Quote:http://www.123.com/file.pdf http://www.123.com/pdfhello
http://www.456.com/hello/one.file.pdf http://www.123.com
http://www.456.com/hello/one.file.pdf

I need the final result to look like this:

file.pdf
one.file.pdf
Reply
#2
What have you tried?
Reply
#3
Iterate over the open file, then you get line by line.
Instead of regex you could use str.rsplit() or str.rpartition().

pdf_files = set()
# https://docs.python.org/3/library/stdtypes.html#set

with open(file) as fd:
    for line in file:
        url, last = line.strip().rsplit("/", 1)
        # https://docs.python.org/3/library/stdtypes.html#str.rsplit
        print(last)
        # then check if last.endswith(".pdf")
        # if true, add it to the set


# Now sort pdf_files with sorted
# https://docs.python.org/3/library/functions.html#sorted
sorted_pdfs = sorted(pdf_files)
PS: If in one line is more than one address, you could split them with the split() method.
Almost dead, but too lazy to die: https://sourceserver.info
All humans together. We don't need politicians!
Reply
#4
Using pathlib to get the suffix and name and a set for no repeated results
import pathlib

paths = ('http://www.123.com/file.pdf', 'http://www.123.com/pdfhello',
         'http://www.456.com/hello/one.file.pdf', 'http://www.123.com',
         'http://www.456.com/hello/one.file.pdf')

result_set = set()
for path in paths:
    path = pathlib.Path(path)
    if path.suffix == '.pdf':
        result_set.add(path.name)

results = sorted(result_set)
print(results)
Output:
['file.pdf', 'one.file.pdf']
Reply
#5
Pathlib does not handle urls correct. You could deconstruct an url with urllib.parse.urlparse and construct an url with urllib.parse.urlunparse. Pathlib could handle the ParseResult.path from urlparse().

Helper functions without pathlib and urllib:
def get_file(url):
    return url.rpartition("/")[2]

def is_pdf(file):
    return file.rpartition(".")[2] == "pdf"


paths = ('http://www.123.com/file.pdf', 'http://www.123.com/pdfhello',
         'http://www.456.com/hello/one.file.pdf', 'http://www.123.com',
         'http://www.456.com/hello/one.file.pdf')

for url in paths:
    file = get_file(url)
    if is_pdf(file):
        print(file)
Doing this with preserving the absolute path with urllib and pathlib:
from pathlib import Path
from urllib.parse import urlparse


def converto_to_paths(urls):
    for url in urls:
        path = Path(urlparse(url).path)
        if path.suffix == ".pdf":
            yield path

urls = ('http://www.123.com/file.pdf', 'http://www.123.com/pdfhello',
         'http://www.456.com/hello/one.file.pdf', 'http://www.123.com',
         'http://www.456.com/hello/one.file.pdf')
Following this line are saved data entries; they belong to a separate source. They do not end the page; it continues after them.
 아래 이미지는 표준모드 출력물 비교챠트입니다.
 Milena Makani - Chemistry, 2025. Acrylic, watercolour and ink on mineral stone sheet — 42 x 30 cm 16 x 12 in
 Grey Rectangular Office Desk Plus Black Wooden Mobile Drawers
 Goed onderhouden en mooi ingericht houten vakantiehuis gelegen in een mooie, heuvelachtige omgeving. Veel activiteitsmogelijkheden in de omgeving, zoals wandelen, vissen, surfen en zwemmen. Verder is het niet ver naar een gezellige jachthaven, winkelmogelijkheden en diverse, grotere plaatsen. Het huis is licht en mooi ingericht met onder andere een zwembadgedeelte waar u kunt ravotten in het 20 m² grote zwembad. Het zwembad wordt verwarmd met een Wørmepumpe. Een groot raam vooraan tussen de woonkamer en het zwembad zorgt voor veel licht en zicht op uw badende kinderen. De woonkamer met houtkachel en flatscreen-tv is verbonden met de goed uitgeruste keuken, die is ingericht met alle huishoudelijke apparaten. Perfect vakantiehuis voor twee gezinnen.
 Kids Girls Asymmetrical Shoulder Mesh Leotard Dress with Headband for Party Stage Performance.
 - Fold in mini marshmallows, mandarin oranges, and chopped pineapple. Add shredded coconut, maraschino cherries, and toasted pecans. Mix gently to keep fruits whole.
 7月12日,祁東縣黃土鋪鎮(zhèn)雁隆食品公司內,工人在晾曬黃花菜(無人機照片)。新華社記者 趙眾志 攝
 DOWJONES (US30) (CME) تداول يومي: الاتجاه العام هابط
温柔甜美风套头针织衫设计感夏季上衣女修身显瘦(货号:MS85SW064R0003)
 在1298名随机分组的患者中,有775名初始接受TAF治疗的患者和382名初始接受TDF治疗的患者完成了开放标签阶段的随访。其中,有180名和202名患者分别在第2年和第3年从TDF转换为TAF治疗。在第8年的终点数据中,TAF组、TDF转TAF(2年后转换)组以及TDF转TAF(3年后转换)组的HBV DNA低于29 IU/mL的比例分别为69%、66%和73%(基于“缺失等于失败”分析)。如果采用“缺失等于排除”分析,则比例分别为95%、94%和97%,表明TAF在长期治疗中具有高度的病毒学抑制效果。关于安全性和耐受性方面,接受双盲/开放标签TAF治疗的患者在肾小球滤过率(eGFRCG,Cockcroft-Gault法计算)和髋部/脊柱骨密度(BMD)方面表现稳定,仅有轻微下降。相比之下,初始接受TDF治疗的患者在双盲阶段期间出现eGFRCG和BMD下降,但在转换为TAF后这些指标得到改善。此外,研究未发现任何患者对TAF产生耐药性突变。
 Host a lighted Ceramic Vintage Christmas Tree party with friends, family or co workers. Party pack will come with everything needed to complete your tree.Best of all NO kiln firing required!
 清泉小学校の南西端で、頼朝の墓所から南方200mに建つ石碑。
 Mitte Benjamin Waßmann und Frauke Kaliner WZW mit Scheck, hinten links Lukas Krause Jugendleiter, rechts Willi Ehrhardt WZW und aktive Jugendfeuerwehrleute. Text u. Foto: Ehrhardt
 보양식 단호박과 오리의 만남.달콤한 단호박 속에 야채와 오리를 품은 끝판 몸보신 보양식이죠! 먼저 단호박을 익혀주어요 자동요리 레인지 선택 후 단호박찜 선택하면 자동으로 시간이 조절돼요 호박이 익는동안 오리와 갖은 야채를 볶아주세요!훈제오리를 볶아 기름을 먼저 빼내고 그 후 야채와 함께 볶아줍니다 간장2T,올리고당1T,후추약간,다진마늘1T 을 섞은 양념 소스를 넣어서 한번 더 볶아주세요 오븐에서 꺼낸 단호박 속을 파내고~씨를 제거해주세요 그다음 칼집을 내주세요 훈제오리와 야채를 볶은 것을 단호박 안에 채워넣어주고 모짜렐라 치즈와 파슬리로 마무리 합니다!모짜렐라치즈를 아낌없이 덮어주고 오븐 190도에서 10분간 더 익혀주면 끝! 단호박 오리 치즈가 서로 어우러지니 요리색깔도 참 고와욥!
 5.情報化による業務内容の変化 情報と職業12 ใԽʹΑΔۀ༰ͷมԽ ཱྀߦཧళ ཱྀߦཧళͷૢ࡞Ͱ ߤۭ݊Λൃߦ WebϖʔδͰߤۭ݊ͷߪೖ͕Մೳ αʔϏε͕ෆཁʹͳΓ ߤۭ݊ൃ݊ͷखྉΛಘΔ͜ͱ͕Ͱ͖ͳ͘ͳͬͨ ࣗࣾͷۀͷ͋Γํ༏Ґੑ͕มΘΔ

paths = list(converto_to_paths(urls))
paths_filenames = [file.name for file in paths]
paths_filenames_stem = [file.stem for file in paths]

print(paths, paths_filenames, paths_filenames_stem, sep="\n\n")
Output:
[PosixPath('/file.pdf'), PosixPath('/hello/one.file.pdf'), PosixPath('/hello/one.file.pdf')] ['file.pdf', 'one.file.pdf', 'one.file.pdf'] ['file', 'one.file', 'one.file']
Depending on what you want later to do with your data, you can decide to use or not to use Path and urlparse.
The function urlparse() could also handle relative urls.
Almost dead, but too lazy to die: https://sourceserver.info
All humans together. We don't need politicians!
Reply
#6
(Jul-12-2020, 10:11 AM)DeaD_EyE Wrote: Iterate over the open file, then you get line by line.
Instead of regex you could use str.rsplit() or str.rpartition().

pdf_files = set()
# https://docs.python.org/3/library/stdtypes.html#set

with open(file) as fd:
    for line in file:
        url, last = line.strip().rsplit("/", 1)
        # https://docs.python.org/3/library/stdtypes.html#str.rsplit
        print(last)
        # then check if last.endswith(".pdf")
        # if true, add it to the set


# Now sort pdf_files with sorted
# https://docs.python.org/3/library/functions.html#sorted
sorted_pdfs = sorted(pdf_files)
PS: If in one line is more than one address, you could split them with the split() method.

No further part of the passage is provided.